"Great Blue Heron 1."

Jesse Alexander is a jewel in Santa Barbara’s fine art lineage, with a successful photography career and a body of work that span decades. As a complement to the Santa Barbara Museum of Art’s current Made in Santa Barbara exhibit featuring the work of more than 40 area photographers, the Patty Look Lewis Gallery offers a modest but revealing show of Alexander’s iconic racecar images from the 1950s and ’60s alongside his more recent ventures into nature photography. The result is an appealing glimpse into one artist’s journey from cultural investigator to introspective observer.

"Phil Hill, Grand Prix of Germany, N¼rburgring, 1958."

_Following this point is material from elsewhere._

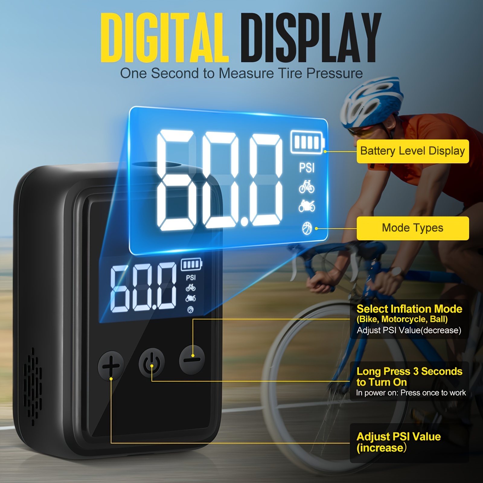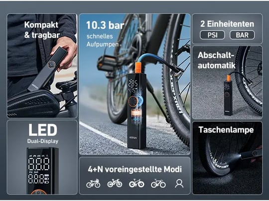 Nie wieder mühsam Reifen aufpumpen! Diese elektrische Mini-Fahrradpumpe ist dein neuer bester Freund auf Radtouren. Super klein (nur 7,6 x 5,1 x 3,4 cm) und leicht (157 g) passt sie in jede Tasche. Der 1300-mAh-Akku hält lange - damit pumpst du locker 7 Mountainbike-Reifen oder 3 Rennrad-Reifen auf. Das digitale LED-Manometer zeigt dir live an, wie viel Druck auf dem Reifen ist, und du kannst bis 120 PSI einstellen. Total praktisch: Sie passt auf Presta UND Schrader Ventile, also wirklich für alle Fahrradtypen geeignet. Mit der bürstenlosen Motortechnologie geht's ratzfatz - in nur 46 Sekunden bist du bei 36 PSI! Und keine Sorge vor Überdruck: Die Pumpe stoppt automatisch. Mit Temperatur- und Überstromschutz ist alles safe dabei. Im Lieferumfang findest du sogar ne Halterung, ne Aufbewahrungstasche und verschiedene Aufsätze. Einfach aufladen und los geht's - Reifen aufpumpen war noch nie so easy!

Although the show’s abrupt change in subject matter and era from one side of the gallery to the other is somewhat distracting, the exhibition nevertheless highlights the crux of Alexander’s artistic impulse: an obsession with motion. Whether photographing cars in the middle of the track at the Grand Prix in Monza, Italy, or the majestic Great Blue Heron in midflight against a piercing cerulean sky, Alexander’s eye for capturing movement is uncanny in its precision. Even with the lack of high-speed digital photography in his earlier work, Alexander seems to possess the preternatural ability to stop time. In his photo of racecar driver Phil Hill speeding around a curve at the Grand Prix in Germany, for example, the photographer captures the car and driver in perfect focus, while onlookers stand by in a fuzzy haze. It is this contradictory effect that makes his work so compelling; objects in motion appear almost stationary in their clarity, while stationary objects look as if they are whizzing by the camera.

Alexander’s racing photographs, printed lovingly with silver gelatin, evoke nostalgia for motor sports in their heyday. More than historical records, his images capture the glamour of mid-20th century racecar driving, a sport that seems romantic in comparison to its contemporary counterpart, NASCAR, with its endorsements and commercialization.

Across the gallery space-and geographically halfway around the world-Alexander’s riveting photographs of the beaches of Carpinteria are equally persuasive. His lens turned on the natural world that surrounds his home, Alexander’s eye remains trained on movement: Even when at rest, the indigenous birds framed by his careful compositions appear on the verge of takeoff. Their flight seems as inevitable as the start of a race, only this time, without the promise of a finish line.